I’m sure some people are already rolling their eyes because it can’t possibly be this easy to change a villain. I mean, you could say the power of food combined with a state of desperation and vulnerability. You could also point out that it’s a cartoon/manga, which many think are aimed at children. Anime and manga really isn’t just for kids, but I digress there. The thing here is that Ghin reveals he has had a tough life and that’s what lead to him being a villain. Sanji could very well be the first person to show him any kindness and treat him like a human being. That can go an amazingly long way with a villain who still holds some humanity. Even in reality, you would be surprised how often a single act of compassion can turn a person around.

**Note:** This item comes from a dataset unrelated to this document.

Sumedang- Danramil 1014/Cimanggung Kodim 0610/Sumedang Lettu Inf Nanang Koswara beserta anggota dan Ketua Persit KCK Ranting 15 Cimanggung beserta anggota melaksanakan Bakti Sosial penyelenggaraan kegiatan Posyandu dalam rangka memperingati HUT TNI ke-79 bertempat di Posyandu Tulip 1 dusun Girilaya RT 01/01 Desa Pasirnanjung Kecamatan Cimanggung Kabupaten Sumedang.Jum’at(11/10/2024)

In comparison, his captain, Don Kreig, sees everyone as an expendable tool and Sanji giving him food to prevent him from dying is met with a clothesline to the throat. He goes on to try to kill everyone and take the restaurant that gave him enough food for his starving crew. Then, he fires a gas weapon that threatens even his own men, which shows how evil he is. So, you can see that the same act doesn’t work on everyone. Ghin and Don Krieg are both pirates with violent, evil streaks, but one still holds onto a spark of his humanity while the other is pure villain.

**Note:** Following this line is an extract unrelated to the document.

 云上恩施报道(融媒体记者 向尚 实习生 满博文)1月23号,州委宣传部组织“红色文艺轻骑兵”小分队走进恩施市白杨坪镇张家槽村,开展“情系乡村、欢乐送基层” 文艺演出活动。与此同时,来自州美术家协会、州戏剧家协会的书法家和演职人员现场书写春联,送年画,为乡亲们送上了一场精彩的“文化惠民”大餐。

That spark is an important thing to consider too when writing your villains. Do they have anything that appeals to their human nature? It can be an act or something rather sweet like animals or children. In Legends of Windemere, Baron Kernaghan shows a soft spot for a little girl and a cat. Sure, he transforms them into creatures, but he still shows that he cares about them. To be fair, neither would have survived in the Chaos Void in their original forms. Now, this didn’t change the Baron, but it showed that he wasn’t 100% bad. That’s the type of villain that appeals to audiences nowadays. They want to see that there is something relatable in there and maybe even the hope of redemption.

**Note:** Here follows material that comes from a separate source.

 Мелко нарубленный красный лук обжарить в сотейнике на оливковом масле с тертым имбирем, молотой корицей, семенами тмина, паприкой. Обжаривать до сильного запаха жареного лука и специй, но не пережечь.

To reach that turning point, an act of kindness is something that can go a long way. You don’t have to make the two happen in quick succession. There can be the kindness and then a trigger for the change down the road. It can be the person who was kind or an item that reminds the villain of that time. A key point is that it doesn’t just change them immediately too. The reason you need time is because the initial act causes them to doubt their actions and path of villainy. They see that tiny thing grow into an internal counter argument for what they have been doing. Truthfully, this tends to work better with secondary villains than the big baddies. That is unless a disaster is started by the main villain and the act of kindness bubbles into their mind to have them realize they made a mistake. It may sound cliche, but you’d be surprised how often people will stay on the wrong course and then come to a triggered epiphany at the eleventh hour. You just have to make it flow.
Personally, I like this twist in a story because it can show a lot of humanity. You have the villain getting a new dimension that can change him or her for the better. You have the person who saw beyond the evil or was ignorant of it, so they treated this person that the audience should hate as a human being. I know we’re always tempted to have the villain come close to redemption and then have them stomp on the act of kindness, which might be a sign of our cynical time. It’s almost like that’s the new standard and having it change the villain is the surprising twist. Of course, there are plenty of levels in between that you can run with depending on your story. It’s all up to you and what you feel is right for what you’re doing.